Манижэ огляделась по сторонам и сказала:
– Когда же ты успела? Вчера вы, должно быть, весь день проспали, а потом еще благодарственный визит к теще.
– Какой визит? – переспросила я.
– Благодарственный визит к теще. Ведь так, мама? Разве новобрачные не должны навестить мать невесты на следующий день после свадьбы?
– Да, конечно. Вам следовало к ней сходить. Вы об этом забыли?
– Нет, – сказала я. – Я и не знала, что так полагается.
Все засмеялись.
– Конечно, Хамид вовсе не разбирается в обычаях и традициях, а этой девочке откуда же знать? – сказала мать. – Но теперь ты знаешь: тебе с мужем следует посетить свою мать. Вас там ждут.
– С подарками! – подхватила Манижэ. – Помнишь, мама, какую красивую подвеску с именем Аллаха ты отдала Бахман-хану, когда они с Мансуре явились с благодарственным визитом?
– Конечно, помню. Кстати говоря, девочка моя, а что тебе привезти из Мекки? Не стесняйся, скажи мне.
– Спасибо, ничего.
– И мы решили провести обряд введения в дом после возвращения из паломничества. А ты до завтра подумай и скажи, может быть, все-таки тебе хочется подарок из Мекки.
– Пошли, хозяюшка, – сказал отец. – Мальчик, я так понимаю, не скоро явится, а я устал. Если Аллаху угодно, он придет повидаться с нами завтра или проводит нас в аэропорт. Что ж, девонька, с тобой мы еще попрощаемся завтра.

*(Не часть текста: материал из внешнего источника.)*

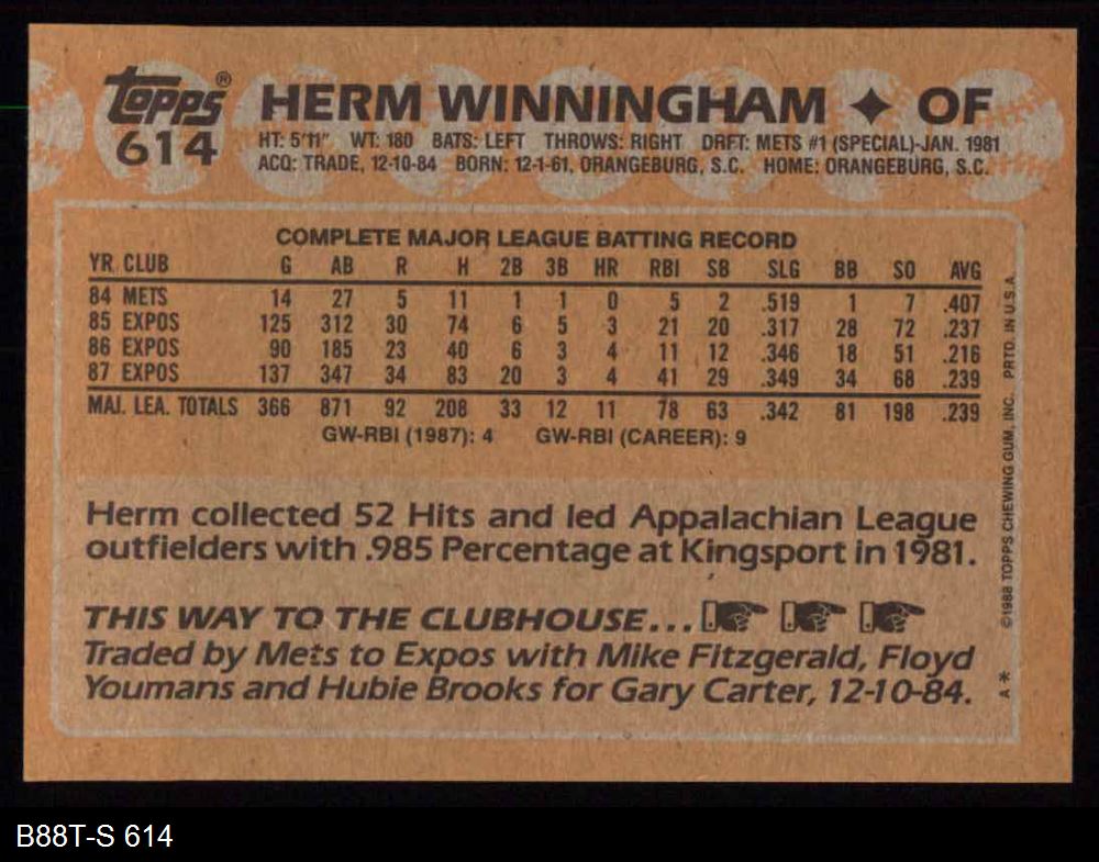 1988 Topps #614 Herm Winningham 8 - NM/MT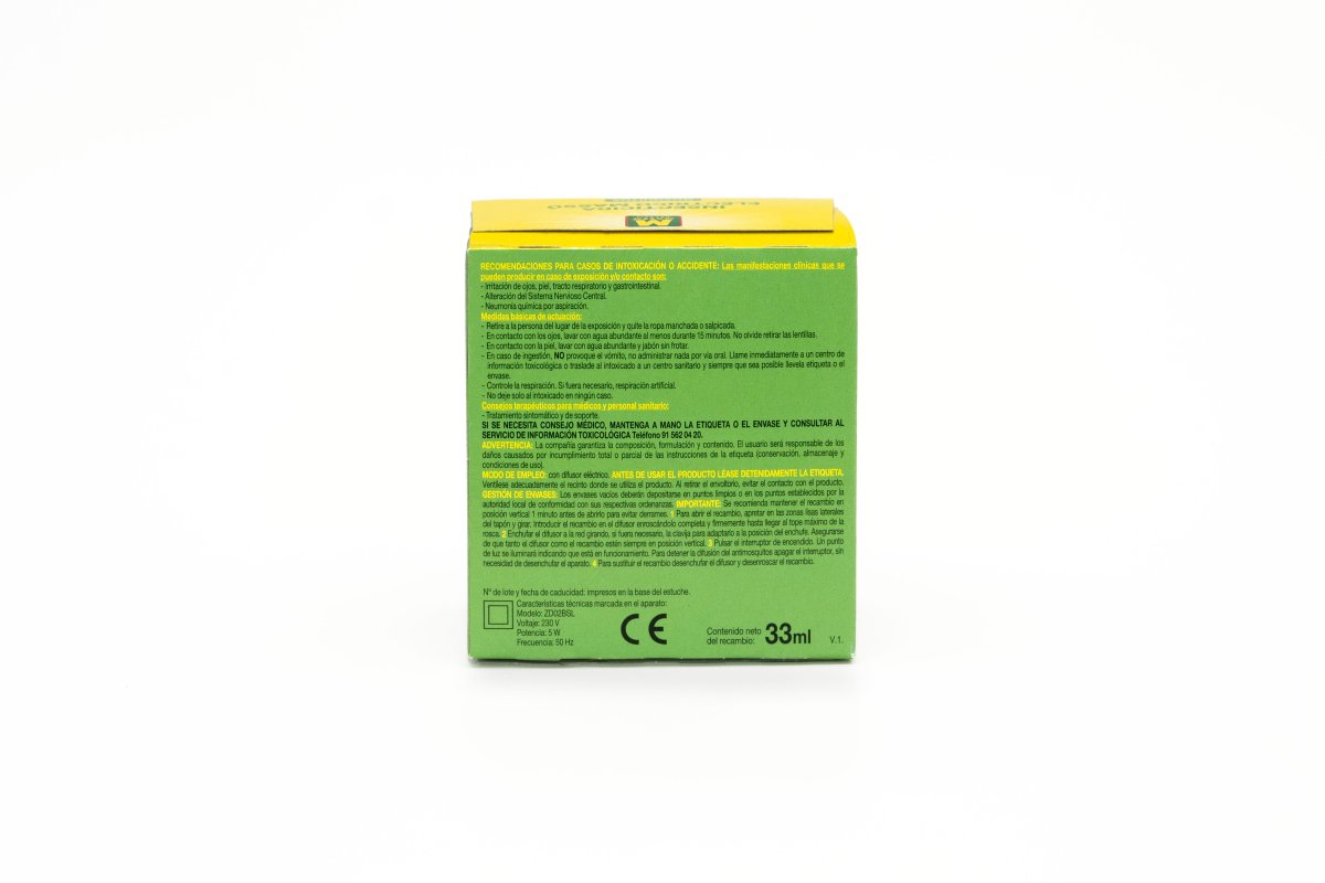 El aparato Insecticida Eléctrico Preben de Massó debe ser utilizado únicamente con el Recambio Preben de Massó. El uso de otro recambio o sustancia puede dar lugar a riesgos de toxicidad o de incendio. No utilices el aparato sin recambio. No toques el aparato con las manos húmedas ni con objetos metálicos. No expongas el aparato a la luz del sol directa. Coloca el aparato siempre en posición vertical sin cubrir el aparato con tejidos ni otros materiales. No utilices productos de limpieza ni disolventes para limpiar el aparato. Límpialo con un paño húmedo y déjalo secar.

Мать обняла и поцеловала меня и сдавленным голосом попросила:
– Поклянись своей жизнью и его, что будешь смотреть за ним и не допустишь беды. И к Манижэ тоже приходи, пока нас не будет, хоть за ней и присмотрит Мансуре.
Я проводила их и вздохнула с облегчением. Убрав чайные чашки и блюдца, пошла в погреб поискать рис, но услышала голос Биби из ее комнат и зашла поздороваться. Бабушка внимательно оглядела меня с ног до головы и сказала:
– Рада видеть твое красивое личико. Если будет на то воля Аллаха, ты будешь счастлива в браке, девонька, и направишь на должный путь этого мальчишку.
– Простите, а нет ли у вас ключа от погреба? – спросила я.
– Он там, за верхней рамой, девочка моя.
– Спасибо. Пойду приготовлю ужин.
– Умница, девочка. Готовь, готовь.
– Вам тоже принесу. Не трудитесь, не готовьте сами.
– Нет, девочка моя, я ужин не ем. Вот если пойдешь завтра за хлебом, купи и на мою долю.
– Обязательно!
Но про себя я подумала: если “муж” так и не придет домой, на какие деньги я куплю хлеба?
От запаха тушеного риса и свежего рагу на травах пробудился аппетит. Когда я в последний раз обедала или ужинала? К десяти часам все было готово, но чужак так и не появился. Нет уж, ждать я не могла и не хотела. Я с жадностью накинулась на еду, затем вымыла посуду и убрала остатки (еще на четыре порции хватило бы) в холодильник. Потом легла с той же книгой в постель и в отличие от предыдущей ночи заснула почти сразу же.
Я проснулась в восемь. Постепенно возвращались привычные часы сна. И спальня уже не казалась незнакомой. В этой комнате, проведя в ней всего несколько дней, я уже чувствовала себя в безопасности, чего никогда не бывало в моем прежнем, многолюдном и недобром доме. Некоторое время я праздно валялась в постели, потом поднялась и застелила кровать. Вышла из спальни – и так и замерла. Чужак спал на полу, на одеяле, постеленном возле подушек. А я и не слышала, как он ночью вернулся домой.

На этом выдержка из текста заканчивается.